ULIPs include “ULIP taxation benefits,” which are a crucial component in attracting a large number of investors, in addition to huge returns.
In this article, we’ll go over the fundamentals of ULIP plans and all about ULIP taxation.
A Unit Linked Insurance Plan (ULIP) includes insurance and investing in one package. The purpose of ULIPs is to cater to wealth creation and life insurance, with the insurance company investing a portion of your money in life insurance and the balance in a fund that is based on debt, equity or both and meets your long-term aims. These objectives might include retirement preparation, children’s education fee, or any significant event for which you want to save.
Returns from unit-linked insurance plans appear to be more appealing now that the LTCG charge on equity investments has been announced. ULIP’s investing component functions similar to a mutual fund but has a distinct fee structure. Several income-tax laws govern it.
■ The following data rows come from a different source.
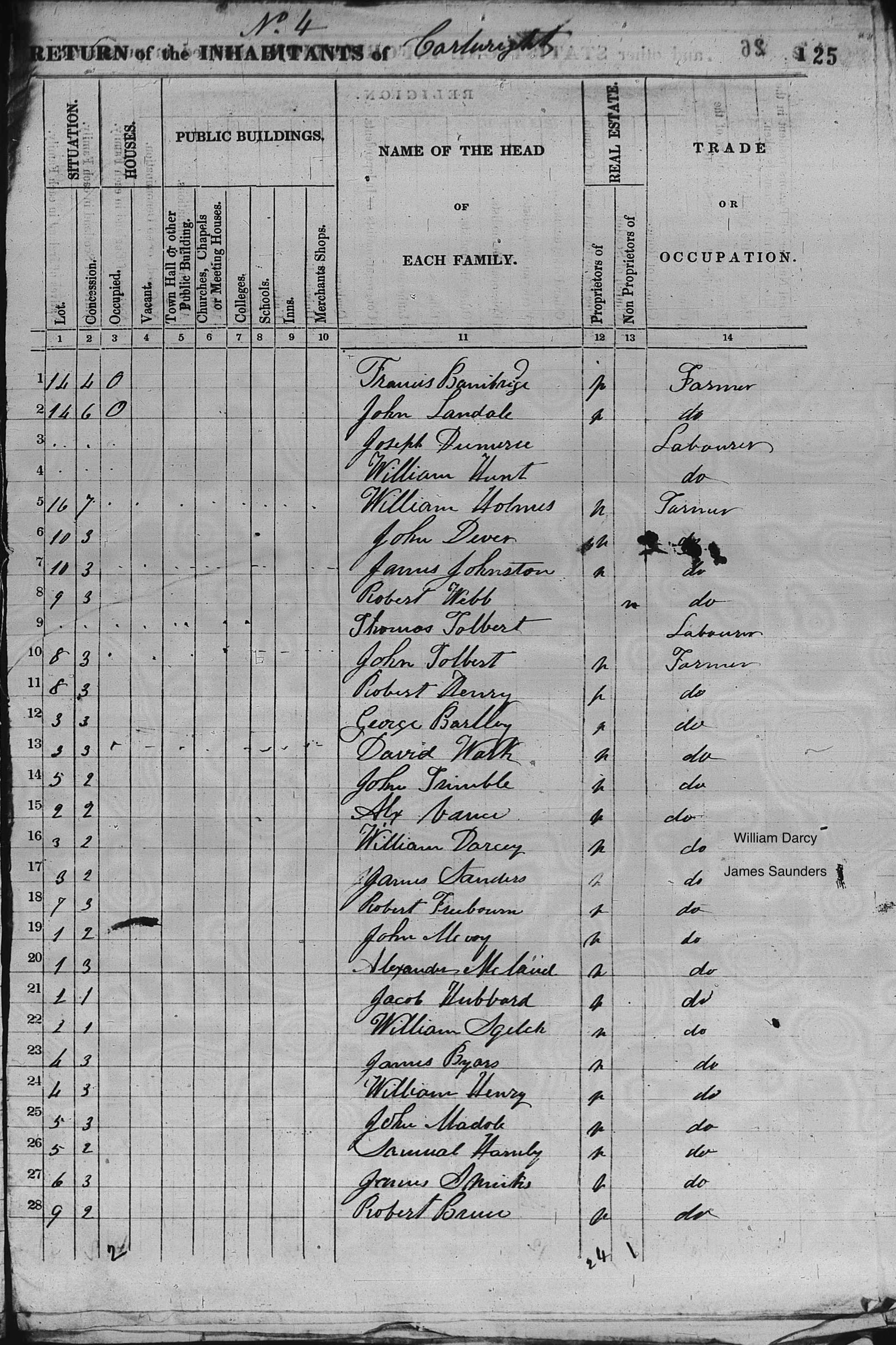 | Census | James Saunders and William Darcy were already in Cartwright Township by 1847, living side by side on Conc 2 Lot 3. Later the two split their ownership in two: Darcy took the west half and James Saunders took the East half of Conc 2 Lot 3 of Cartwright. (MCS 693, Reel 164, Ontario) |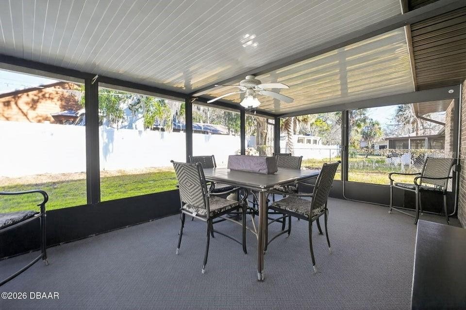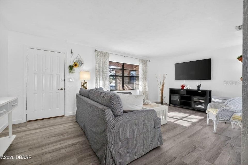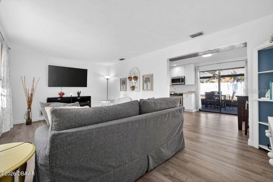 Fully renovated 3 bedroom, 2 bathroom home located in the heart of South Daytona offering a comfortable, functional layout and true move in ready condition. This home features durable vinyl and laminate flooring throughout for a clean, modern look and easy maintenance. The split bedroom floor plan provides added privacy, while the bright kitchen opens to a spacious living area designed for everyday living and entertaining. Step outside to enjoy the screened porch with electricity and windows, creating a flexible indoor outdoor space. The large fenced backyard offers plenty of room to relax or gather around the fire pit for cozy evenings. Major updates include a brand new roof installed February 2026, HVAC system 2020, and water heater 2025, giving buyers peace of mind. Photos were taken prior to the seller moving out to showcase the home furnished. Spend your days at the beach with Daytona and Ormond only 10 miles away, plus New Smyrna Beach's popular dining and wine scene nearby.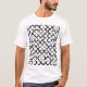An abstract geometric design made up of high contrast black and white spots aligned in random ways.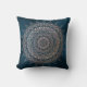 Gorgeous circular floral mandala design throw pillow in luminous rose gold on deep teal background, inspired by mehndi henna body art. This meditative art design pillow makes a beautiful accent to you home decor.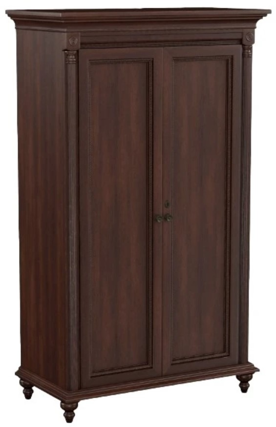 Crafted of worm-maple wood with rich molding and gently turned feet, this armoire features dual doors opening to adjustable shelves, a removable clothing bar, and four soft-close drawers. Fully customizable in finish and hardware, it delivers elegant form and tailored storage for a refined bedroom setting.Read More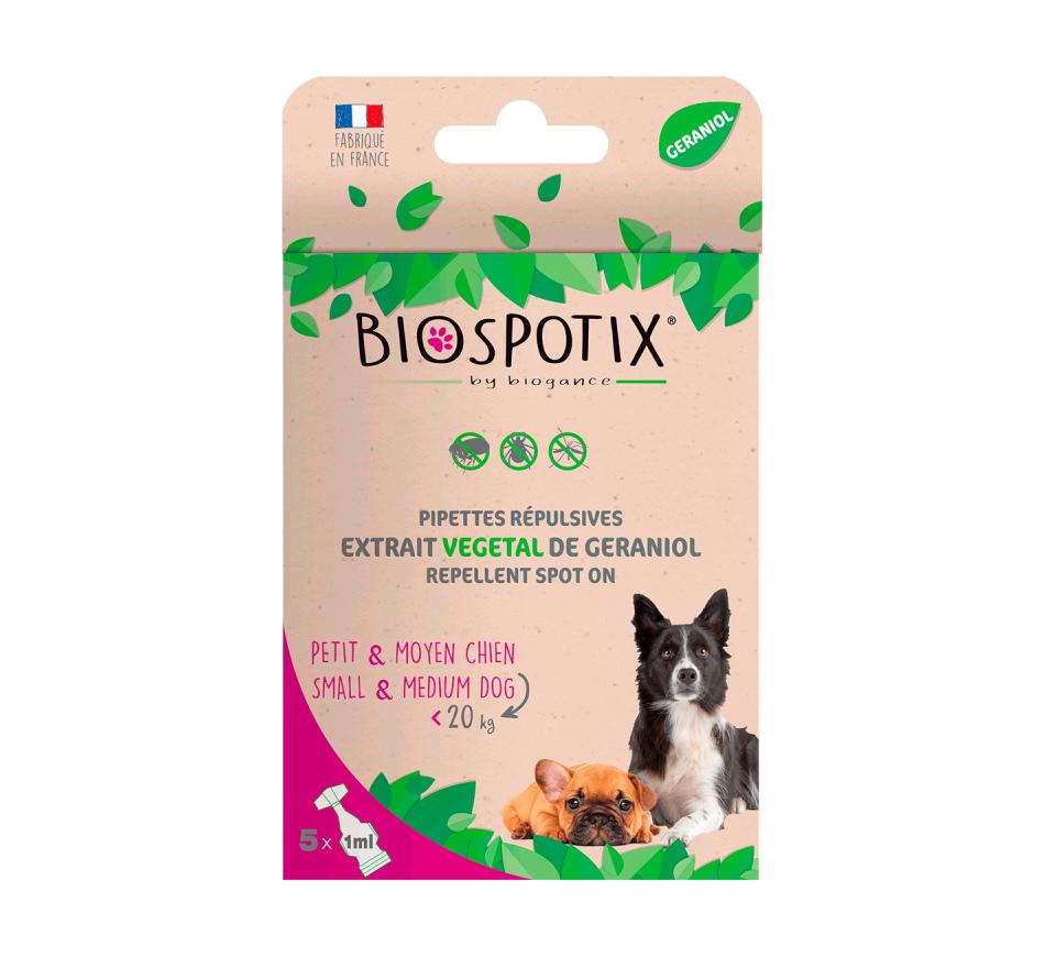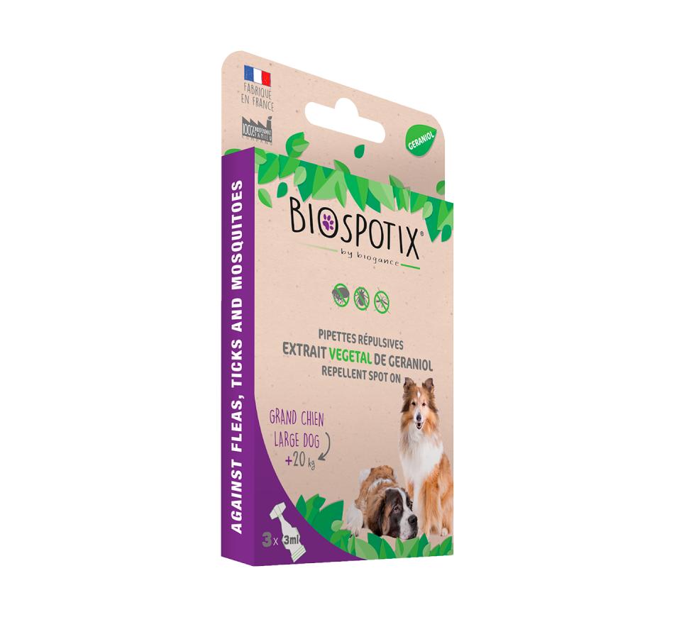 Biospotix spot on es una solución 100% natural que protege eficazmente a tu perro de parásitos, pulgas, garrapatas y piojos, utilizando aceite de geraniol natural.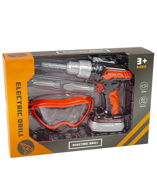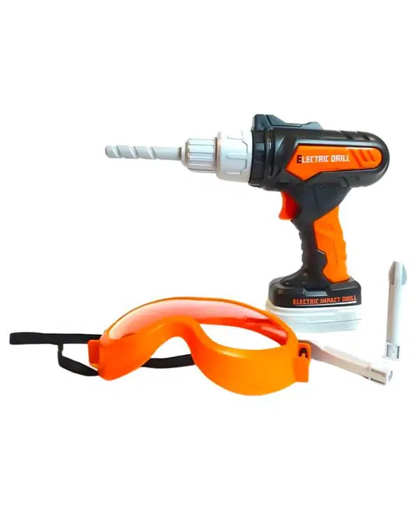 Set içeriğinde, gerçek boyutlara uygun elektrikli matkap, güvenlik gözlükleri ve çeşitli aksesuarlar bulunuyor.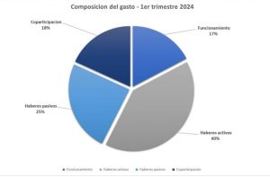 Respecto de la composición del gasto de estos primeros tres meses, Jaramillo informó que el 65% corresponde a salarios, el 18% se distribuye en concepto de coparticipación a los municipios y el saldo restante, (se incluyen allí los pagos de la deuda pública de la provincia) queda para el funcionamiento del Estado.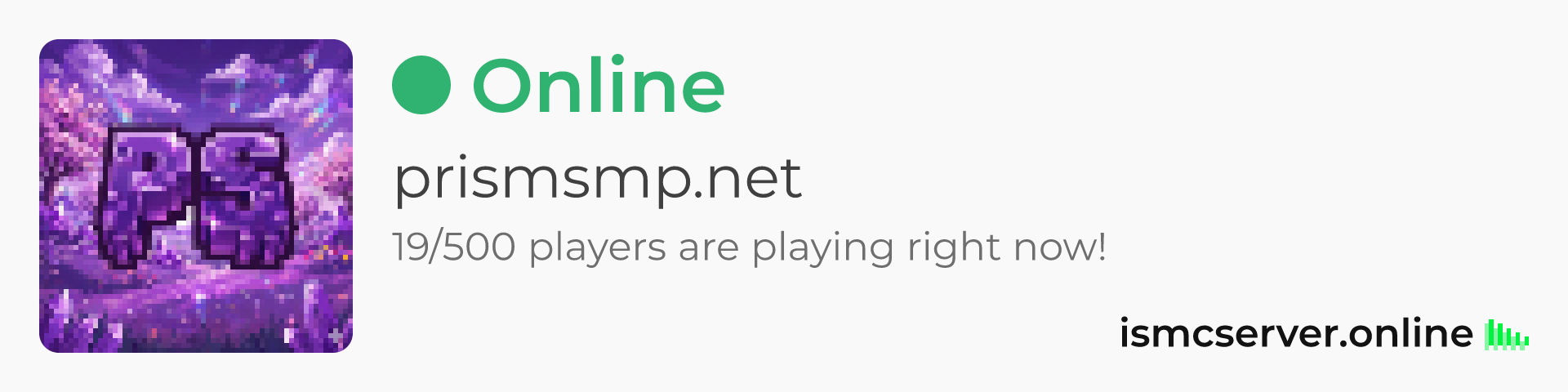 Dark theme: https://ismcserver.online/prismsmp.net/widget?dark=true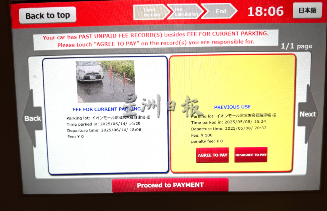 虽然在免费时限内离开,但临走前我们还是走进缴费机,检查是否要付停车费,结果屏幕一闪:“应付:100日元(约2.91令吉)。”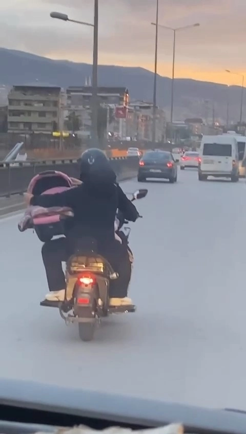 Bursa'da işlek cadde üzerinde ilerleyen motosiklet sürücüsü bebeği pusette taşıdı.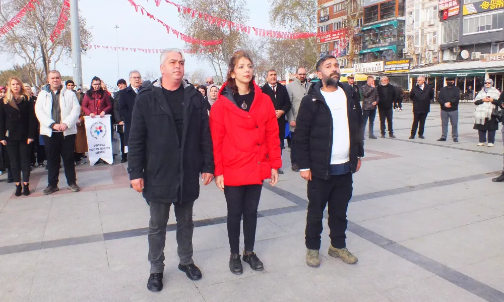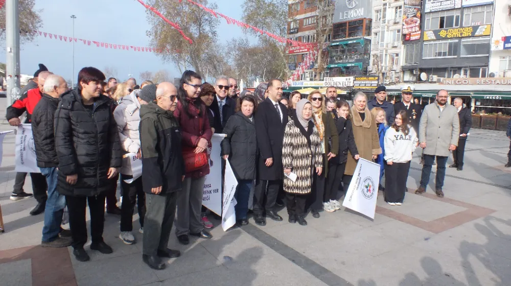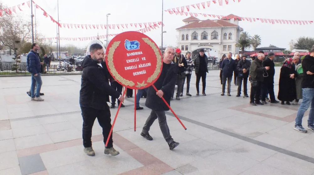 Kaymakam Engin Aksakal ve Belediye Başkanı Dursun Mirza’nın da katıldığı Cumhuriyet Alanı’ndaki etkinlikte, “Bandırma Engelime Renk Ver Derneği” Başkanı Nercü Çalışkan konuştu.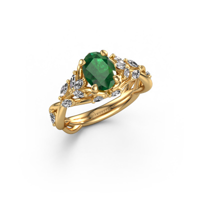 This 14 Carat gold ring is called Samantha OVL and is set with 7,5x5,5 mm emerald. What is it that makes your relationship unique? What is it about her that makes you want to bend down on one knee? The unique bond between the two of you is emphasized by an equally unique ring. A one of a kind special pavé solitaire engagement ring made especially for her. That is why this unique ring fits her like a glove. Each specific detail of this special gold emerald set engagement ring is hand-picked, crafted and polished by our expert goldsmith. The result is an exquisite ring, unique and perfectly crafted to perfection. That is what our expert Goldsmiths strive for. This jewel is made just for you by our master goldsmiths in our own studio.After receiving your order, our goldsmiths will passionately start the creative process of making your engagement ring in our own studio. Because we don't have a big stockpile, these costs will not be passed on to you. Our pricing is proof of that! We offer top quality jewels at lowest price, guaranteed.Our team adds new designs to our online collection daily. Our designers and goldsmiths work together in creating the best design. We strive to offer a diverse collection of jewels. Perhaps you have a specific jewel design in mind. One you came across somewhere. Please contact us for a free consultation. We will make you an offer, based on a fair price/ quality ratio, that will baffle you.To make it easier for you, we offer a 30 day return policy. Check our terms and conditions.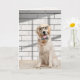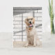 Golden retriever dog with black eyeglasses and chequered bowtie on brick for dad on Father's Day.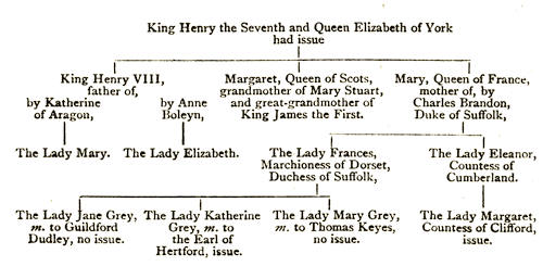 Note.—The following brief account of Henry VIII’s Will may aid the reader in understanding the complications to which it gave rise. By this famous testament (dated 26th of December 1546 and revoking all his previous Wills), King Henry VIII provided that, in case he himself had no other children by his “beloved wife Katherine [Parr] or any other wives he might have thereafter,” and in the event of his only son, Edward [afterwards King Edward VI], who was to be his immediate successor, dying childless, that prince was to be succeeded by his eldest sister, Princess Mary; and if she, in turn, proved without offspring, she was to be succeeded by her sister, King Henry’s younger daughter, Elizabeth. Failing heirs to that princess, the Crown was to pass to the Lady Jane Grey and her sisters, Katherine and Mary Grey, successively, these being the daughters of Henry’s eldest niece, the Lady Frances Brandon, Marchioness of Dorset. In the event of the three sisters Grey dying without issue,[xvii] the Throne was to be occupied successively by the children of the Lady Frances’s sister, the King’s other niece, the Lady Eleanor Brandon, Countess of Cumberland. The Scotch succession, through Henry’s eldest sister, Margaret Tudor, Dowager Queen of Scotland, was set aside, and the name of the young Queen of Scots [Mary Stuart] omitted from the Will, preference being given to the Ladies Grey, the daughters of Henry’s niece, because he hoped that the betrothal of Mary Stuart, then only six years of age, to his son Edward, might be arranged, and the desired union of England and Scotland brought about in a natural manner. It is curious that Henry’s nieces, the Ladies Frances and Eleanor, are not named in the Will as possible successors to the Crown, although their children are. Probably the King thought that, considering the number of claimants in the field, both ladies would be dead, in the course of nature, long before they could be called upon to occupy the Throne.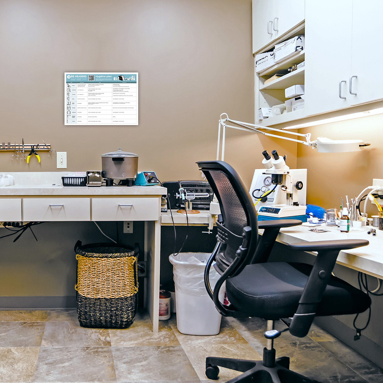 De hygiëne plan kleurenposter A3 is ideaal voor zichtbare plaatsing in de werkplaats of kantoorruimte van de audicienspraktijk. Dankzij de duidelijke weergave fungeert de poster als geheugensteun bij dagelijkse werkzaamheden en bevordert deze naleving van de geldende hygiënerichtlijnen. Door de combinatie van een gedrukte versie en een online variant met interactieve links, blijft het plan altijd toegankelijk en up-to-date. Dit maakt de poster tot een onmisbaar hulpmiddel voor een gestructureerde en hygiënische werkomgeving.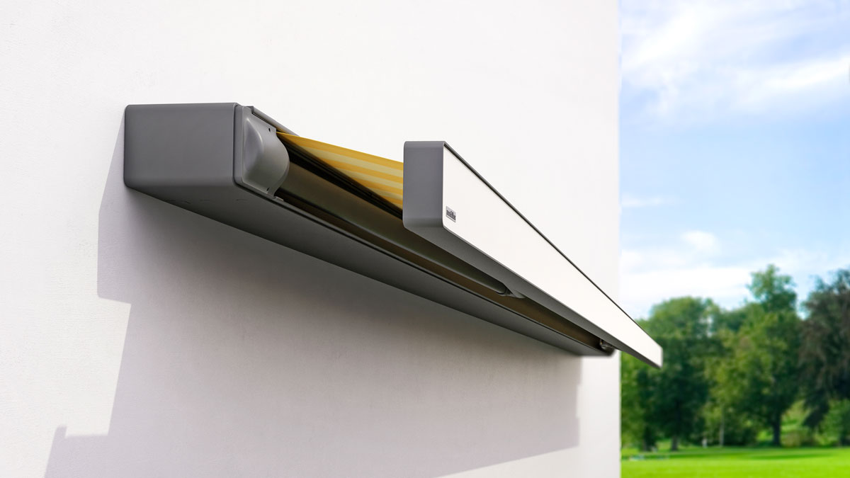 Die Optik einer Kassettenmarkise mit der Leichtigkeit der Halbkassette. Die rund geformte Schale bietet Schutz für das Markisentuch und lässt sich individuell anpassen.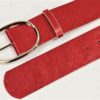 Curea din piele naturala rosie aspect metalizat prevazuta cu catarama metalica aurie latime 5.5cm

Because ULIPs have a 5-year lock-in period, revenues from the policy—ULIP maturity taxability or early surrender—are tax-free under Section 10 (10D) of the income-tax act if the sum insured in a life insurance payout is at least ten times the yearly premium. The death benefit, on the other hand, is tax-free. Given the anticipated LTCG tax of 10.4% on equity investments through mutual funds, this is a benefit for ULIPs.
ULIP surrender taxation is rather easy to understand.
If the insurance is surrendered after the 5-year lock-in term, the surrender value is tax-free, and the insured can take advantage of the tax incentive. Once you have completed five years, there will be no surrender fee, and the surrender price will be tax-free. If you surrender your ULIP before five years, the surrender value is added to your income and taxed at the applicable slab rate.
The return earned on ULIP investments with an annual premium of more than ₹2.5 lakh (i.e., high-value premium insurance) would not be tax-deductible, according to ULIP taxable budget 2021. The Central Board of Direct Taxes (CBDT) has released a notification that explains how capital gains on unit-linked insurance plans (ULIPs) would be calculated. The CBDT’s fundamental structure treats all payments the policyholder receives as income, whether they are for withdrawal or as an incentive.
As per ULIP taxation in Budget 2021, the CBDT’s fundamental structure treats all payments the policyholder receives as income, whether they are for withdrawal or an incentive. Therefore, to calculate profits, CBDT recommends deducting the entire premium paid to date from the income received to date to find out the capital gain amount in its circular dated January 19, 2022.
ULIPs offer an appealing variety of benefits, particularly when it comes to ULIP taxation; nevertheless, before investing, thoroughly examine all elements of the plan to make the best choice for yourself and your loved ones.
In this policy, the investment risk in the investment portfolio is borne by the policyholder.